Android smartphone by Huawei

The Honor X7 is a budget Android smartphone developed by Honor and was part of Huawei's "X" series. It was announced on March 30, 2022.

On December 16, 2021, alongside the Honor X30 the Honor Play 30 Plus in China was introduced, with different cameras, processor, and a 5G support.

== Specifications ==

=== Design ===
The screen is made of glass and the back panel and sides are made of glossy plastic. The X7's display has a 6.74" 1600 × 720 (20:9) IPS LCD, HD+ with a pixel density of 260 ppi, a display refresh rate of 90 Hz and a teardrop notch for the front camera.

The X7 was sold in 2 color options: Ocean Blue and Titanium Silver.

In China, the Play 30 Plus is sold in 4 colors: Magic Night Black, Charm Sea Blue, Titanium Silver, and Dawn Gold.

=== Hardware ===
The Honor X7 is equipped with a Qualcomm Snapdragon 680 processor and an Adreno 610 GPU. In China, the Honor Play 30 Plus utilizes a MediaTek Dimensity 700 processor and a Mali -G57 MC2 graphics processor.

Both phones are equipped with 5000 mAh battery and supports 22.5-watt fast charging.

The Honor X7 received a main quad camera module. The cameras are wide-angle 48 MP at f/1.8 with phase detection autofocus, an ultra-wide-angle 5 MP at f/2.2, a macro 2 MP at f/2.4, and a depth sensor 2 MP at f/2.4. The front camera utilizes an 8 MP at f/2.0 (wide-angle).

Honor Play 30 Plus received a dual main camera module. The cameras are wide-angle 13 MP, at f/1.8 with phase detection autofocus and a 2 MP, f/2.4 (depth sensor). The front camera received a resolution of 5 MP at an aperture of f/2.2 (wide-angle).

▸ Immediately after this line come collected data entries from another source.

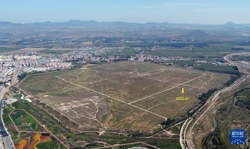 內蒙古巴林左旗遼上京皇城遺址全景和發掘位置(資料照片)。
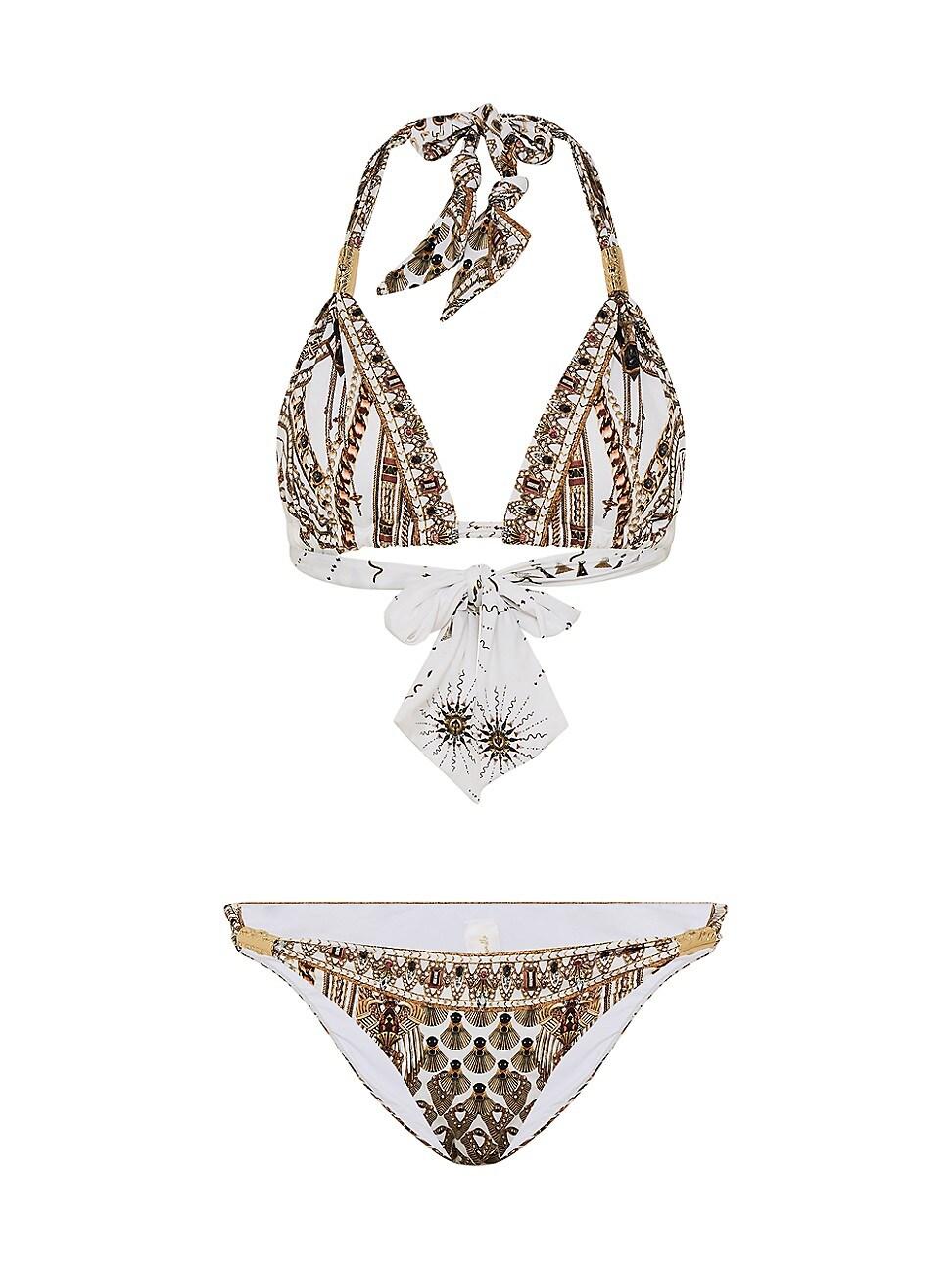 From the Goddess Energy Collection. This printed bikini from Camilla is styled with a halterneck top and low-rise bottom with goldtone hardware. 82% polyamide, 18% elastane. Hand wash. Imported. TOP Halterneck Triangle cups Back self-tie closure BOTTOM Pulls on SIZE & FIT Model measurements: 510 tall Model is wearing a US size Small. Outerwear And Swimwear - Contemporary Swim > Camilla > Saks Fifth Avenue > Barneys. Camilla. Color: Goddess Energy. Size: Large.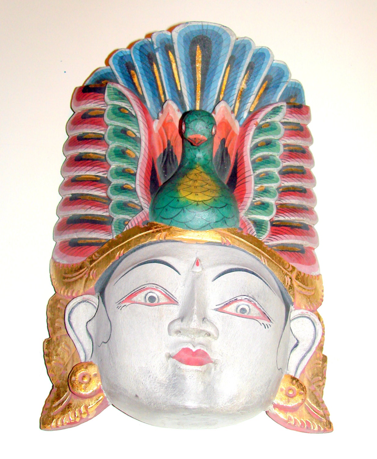 Hindu Phoenix Mask / Carved Painted India Mask / Home Decor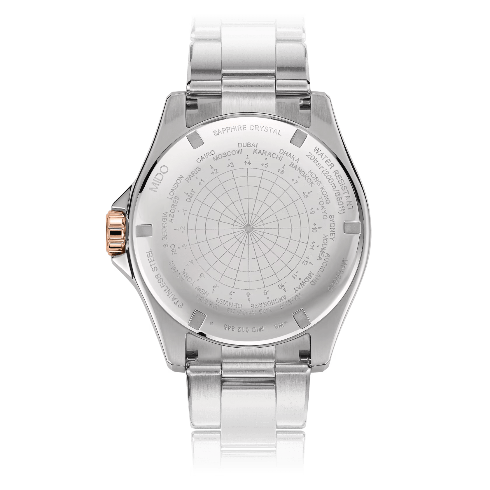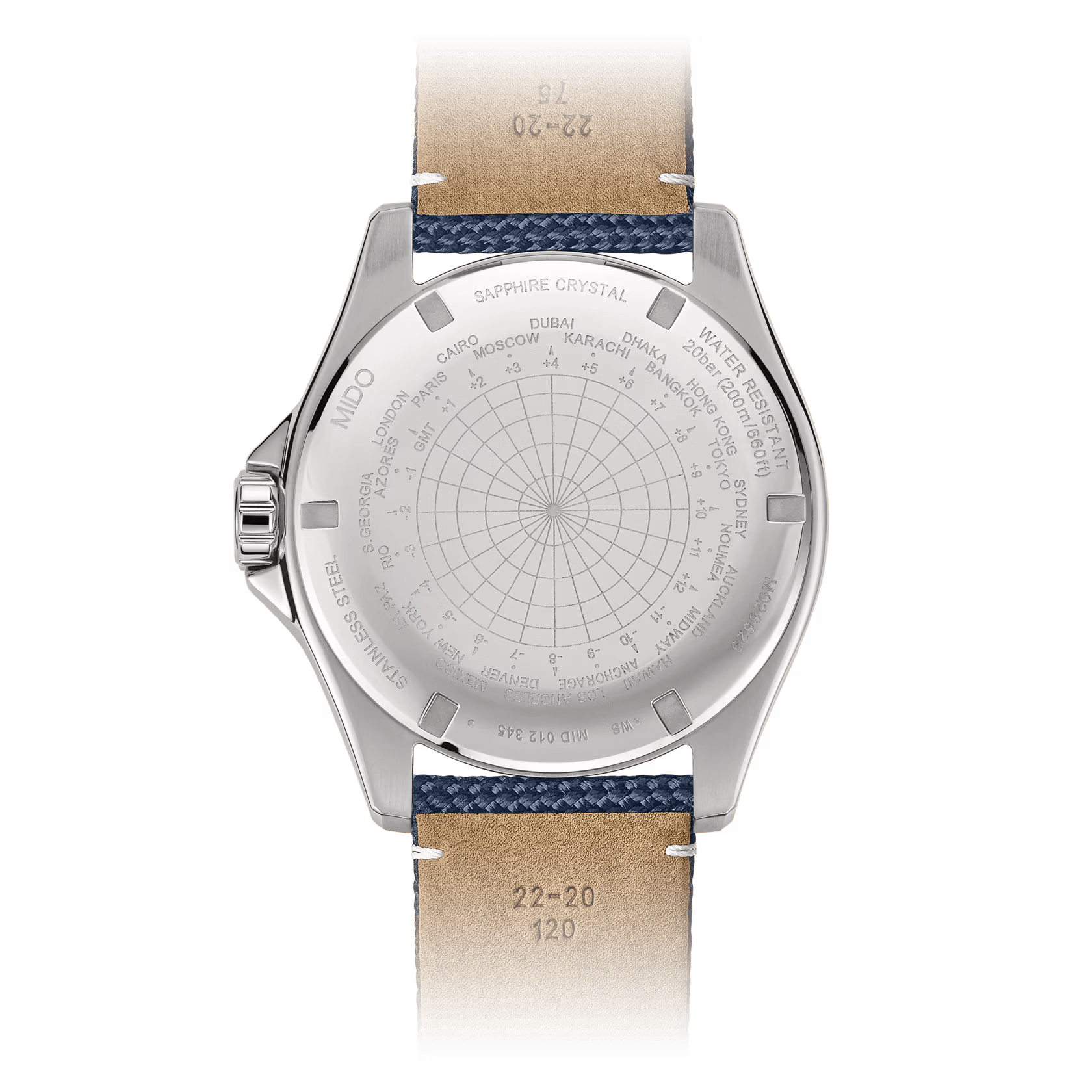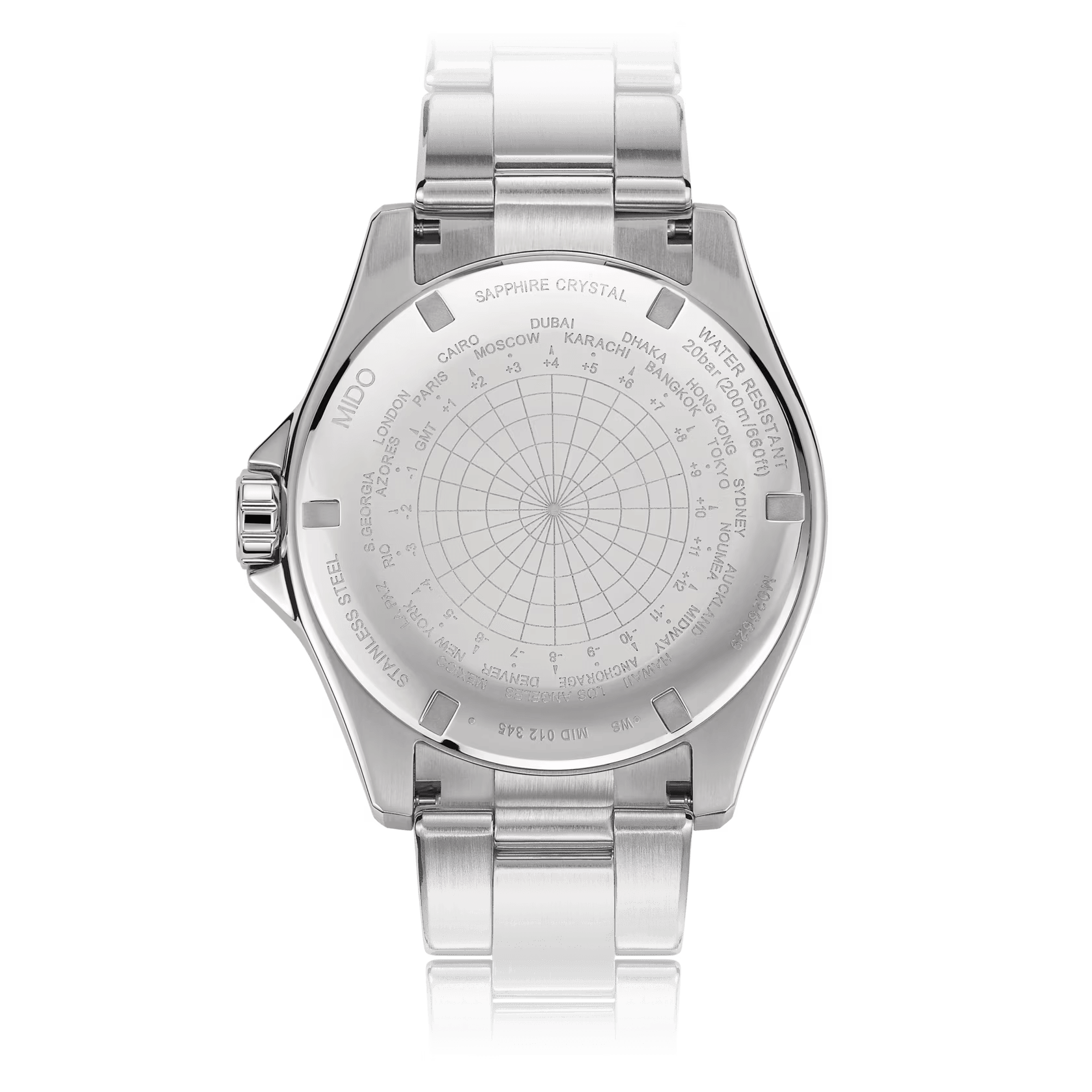 MIDO enrichit sa collection de montres de plongée Ocean Star avec une version équipée de la fonction GMT très pratique. Elle affiche clairement l'heure dans deux fuseaux horaires différents : l'heure du domicile et l'heure locale. Au dos de la montre suisse sportive, équipée du mouvement automatique Calibre 80, qui offre une réserve de marche allant jusqu'à 80 heures, MIDO a gravé les indications des fuseaux horaires. La fonction GMT, extrêmement simple à utiliser, offre deux fois plus de liberté à ceux qui sont au bord de l'océan ou en train de vivre une aventure pleine d'adrénaline.

Bouth main and front cameras of all models have the ability to record video in 1080p @ 30fps resolution.

The Honor X7 is only sold in 4/128 GB configuration. Honor Play 30 Plus is sold in multiple configurations: 4/126, 6/128 and 8/128 GB.

The expandable memory and SIM card slot may differ on the variant:

- The X7 has a slot for SIM card and a microSD memory expandable up to 512 GB or a hybrid (2 SIM/1 SIM + microSD) slot.
- The Play 30 Plus only has a hybrid slot.

=== Software ===
The Honor X7 was released with Magic UI 4.2, and the Play 30 Plus with Magic UI 5.0. Both are based on Android 11.

The Honor Play 30 Plus is designed exclusively for the Chinese market, so it lacks Google Play services, while the X7 does have them.